The Human Microbiome Project charted the bodily whereabouts of thousands of bacteria, including this gut microbe, Enterococcus faecalis.

CREDIT: U.S. CENTERS FOR DISEASE CONTROL AND PREVENTION

Though perhaps less contemplated than the navel, the inside of the elbow seems nonetheless comfortingly familiar. Don't be fooled. Our bodies are home to trillions of microbes, and that patch of skin hosts an invisible ecosystem whose microbial members were virtually unknown until now. This week, a consortium involving 200 investigators from a variety of disciplines describes that elbow-dwelling microscopic community as well as more than a dozen others as part of the most thorough look ever at the microbial world on and within us.
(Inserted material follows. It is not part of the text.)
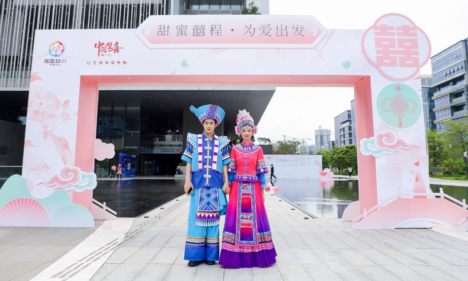 白云区在设计之都举办白云区第一届“甜蜜白云”婚俗文化活动,发布“甜蜜白云”品牌,开展56个民族婚服表演、传统岭南婚礼等活动,推动“甜蜜消费”从单一场景到全域生态升级。“越秀越爱”集体颁证、天河“流沙绘同心”沙画制作、花都区“爱情跑道”、南沙区“南湾·囍市”、从化“甜蜜集梦”等活动缤纷开展,为新人及亲友们献上一份份惊喜。

By the time it is completed next year, this Human Microbiome Project (HMP) will have spent $170 million cataloging the microorganisms—and to a lesser extent, their genes—that live on 18 human body sites, sequencing 3000 relevant bacteria, and determining differences between the microbiomes of healthy and unhealthy people. “It's a great framework, reference, and tool to really understand the microbiome,” says microbial ecologist Maria Gloria Dominguez-Bello of the University of Puerto Rico in San Juan.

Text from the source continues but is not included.